На нашем сайте KnigaRead.com Вы можете абсолютно бесплатно читать книгу онлайн Мервин Пик, "Горменгаст" бесплатно, без регистрации.
Перейти на страницу:

И снова холодный, нечеловеческий голос:

– Каковы же… причины?

Титус безумно устал, но из физической слабости его внезапно восстала новая волна душевных сил. У него не было никакого желания изливать душу или обнаруживать перед матерью свое скрытое бунтовство, он знал, что не сумел бы высказать свои мысли, если бы задумал это заранее, однако, поняв, что невольно выставил себя отступником, он вспыхнул и, гордо подняв голову, воскликнул:

– Хорошо, я скажу!

Грязные волосы упали ему на глаза, вспыхнувшие в приступе непокорства, дюжину лет скрываемого и наконец обретшего выход. Он зашел уже так далеко, что возврата для него не было. Сквозь муть в глазах, порожденную гневом и слабостью, он с трудом различал огромные очертания матери.

– Я скажу! Сейчас ты узнаешь причину. Если хочешь, можешь смеяться! Он оскорбил Фуксию. Убил Флэя. Напугал меня. Мне наплевать, восстал он против Камней или нет, главное для меня – воровство, жестокость и убийство. Какое мне дело до символов? Какое мне дело до того, крепко ли сердце Замка или не крепко? Сам я крепким быть не желаю! Любой покажется крепким, если будет всегда делать только то, что велят. А я хочу жить! Понимаешь? Способна ты это понять? Я хочу быть собой, стать тем, кем сам себя сделаю, – личностью, настоящим живым человеком, а не каким-то там символом. Вот тебе и вся причина! Его необходимо поймать и казнить. Он убил Флэя. Он оскорбил сестру. Он украл мою лодку. Этого хватит? И черт с ним, с Горменгастом!

В невыносимом молчании Графиня и все остальные услышали звук чьих-то быстро приближающихся шагов.

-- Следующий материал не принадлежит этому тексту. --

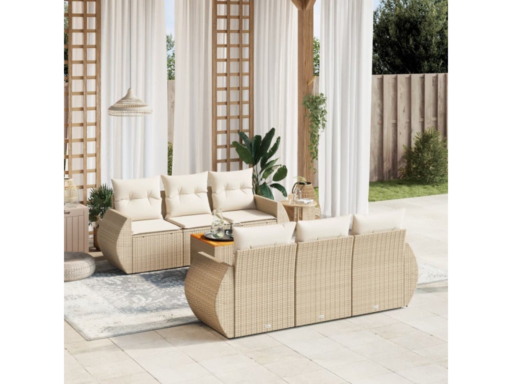 7dílná zahradní sedací souprava s poduškami béžová polyratan 3224896
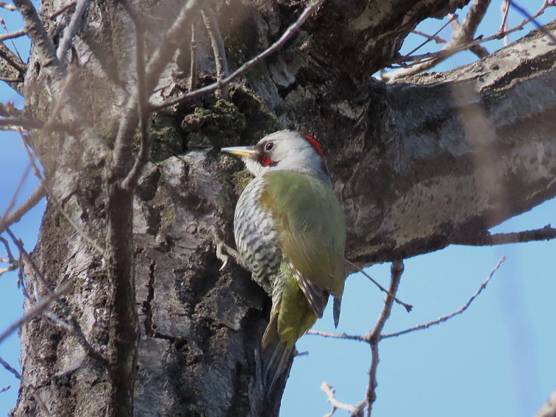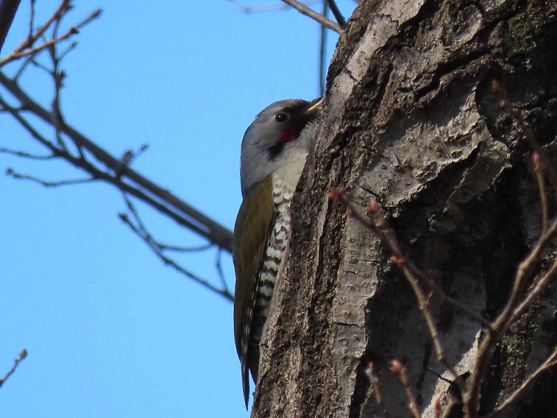 | ボクマダネムイヨ… もう少し冬眠してようと思っていたんだけど、歩きたいとかじゃなくて 運動不足が顕著なマイバディ。 5階の階段を上りきるだけで足がパンパン… これじゃいかんということで、散歩がてら近所の公園を歩くことにした。 家を出る時は気温7度、帰宅時には8度とそれほど暖かくはなかったけど 風が弱かったので寒さは感じられなかった。 公園に向かって歩いていると、頭上でコツコツコツと。 コゲラ? アオゲラ? 近くの木に飛んだので正体がわかった。 |
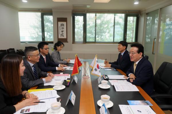 [시민일보=이대우 기자] 정순균 강남구청장이 20일 오전 10시 구청 본관 3층 제1작은회의실에서 열린 ‘중국 상하이시 푸둥신구 대표단 방문간담회’에 참석해 푸둥신구와 앞으로 실질적인 교류사업을 추진, 자매교류도시로의 발전에 대해 논의했다. 사진은 송 지안동(宋建东) 상하이시 푸둥신구인민정부 교류협력처 부처장 등 대표단과 간담을 나누고 있는 정 구청장(왼쪽)의 모습.
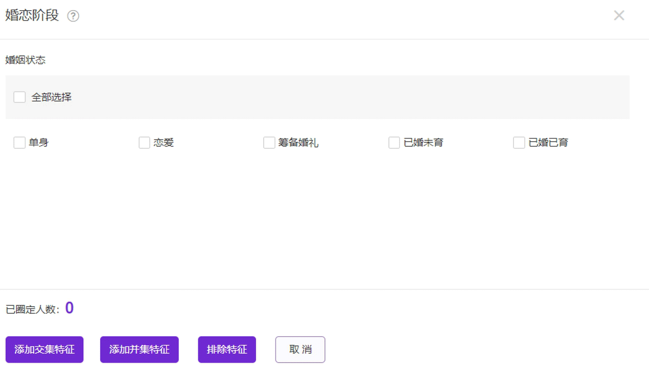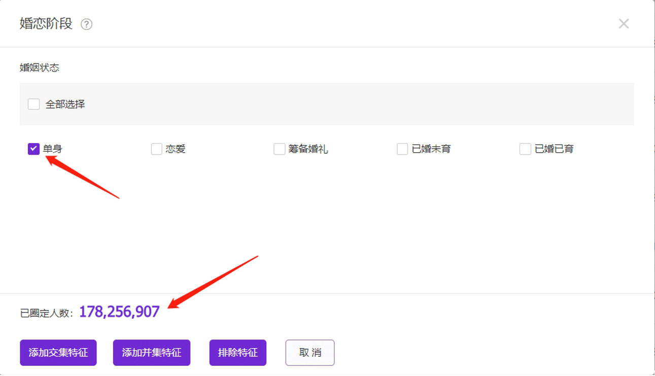 那你就知道了淘宝的婚恋阶段给人群打标,它属于人生阶段的标签,婚恋阶段有五种:单身、恋爱、筹备婚礼、已婚已育和已婚未育,这是直通车后台有的,可以投放。
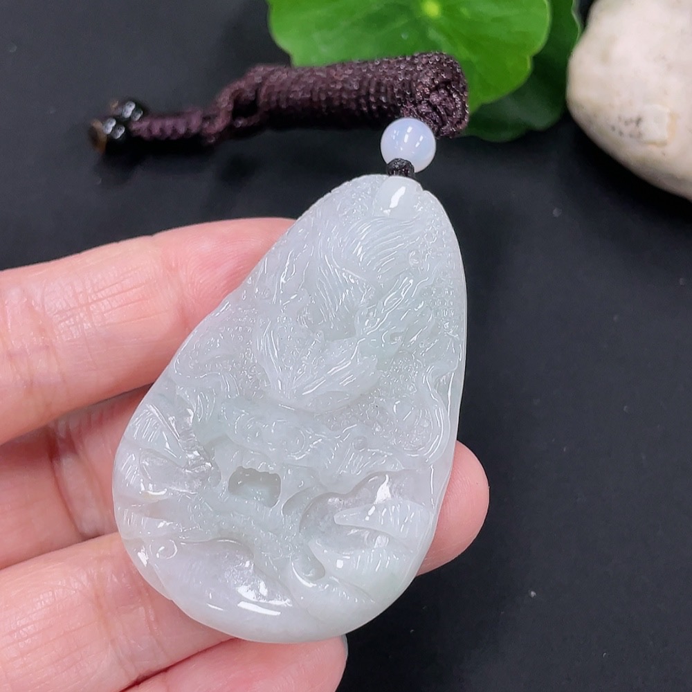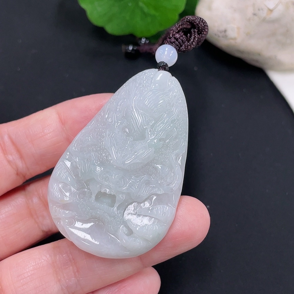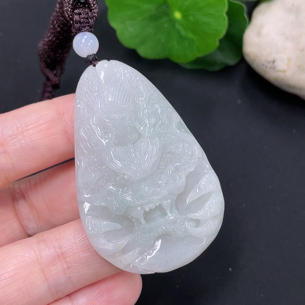 Jadeite Dragon Pendant Total Weight Approx. 27.5g (Including Rope Weight) (Beads Not Grade A)
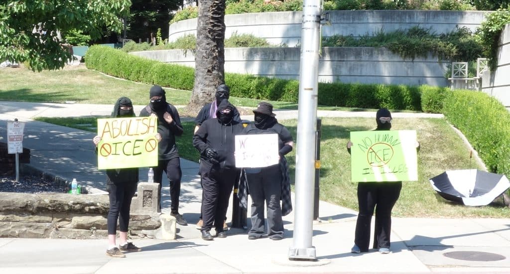 As the board met, a small group of protesters with signs denouncing the Trump Administration and ICE stood outside the administrative building to advocate against the board’s decision. Most of them were dressed all in black with their faces covered. In a previous interview with Shasta Scout some of the same protesters have said they dress this way for safety and solidarity denying that they identify as “antifa”.
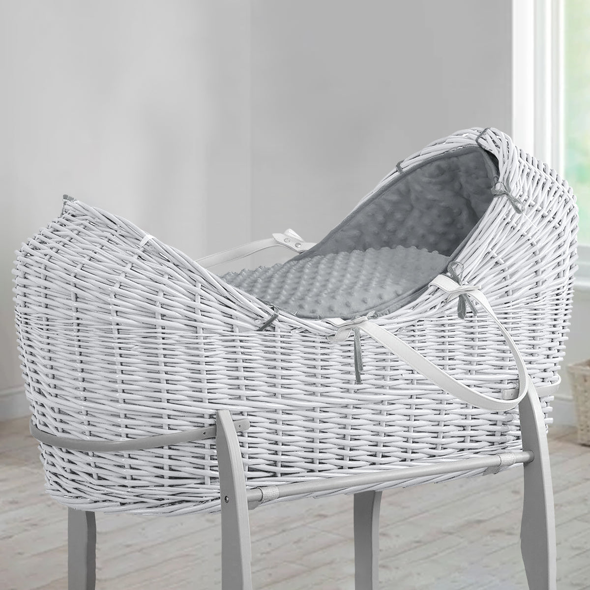 This adorable white Pod Moses Basket with grey popcorn dressing is designed to keep your little one calm and peaceful during those precious moments of sleep. Its beautiful pod design with cute satin ties offer both comfort and style. Dressed with a super-soft popcorn dresser that is luxurious and exquisite looking. The perfect addition to your baby's nursery.

Однако прошла целая вечность, прежде чем звук этот стих, и смятенный человек с поникшей головой и дрожащими руками замер перед Графиней, ожидая дозволения сообщить принесенную им весть. С усилием оторвав взгляд от сына, Графиня, наконец, повернулась к гонцу.

– Ну, – прошептала она, – что такое, милейший?

Гонец поднял голову. Прошло несколько секунд, прежде чем он смог выдавить хоть слово. Подбородок его дрожал, губы разделялись, но ни звука с них не слетело. И такой свет лился из его глаз, что Титус рванулся к нему, пораженный внезапным страхом.

– Только не Фуксия! Не Фуксия! – крикнул он, и еще складывая эти слова, с ужасом понял – что-то случилось именно с ней.

Гонец, так и не отведший глаз от лица Графини, произнес:

– Леди Фуксия утонула.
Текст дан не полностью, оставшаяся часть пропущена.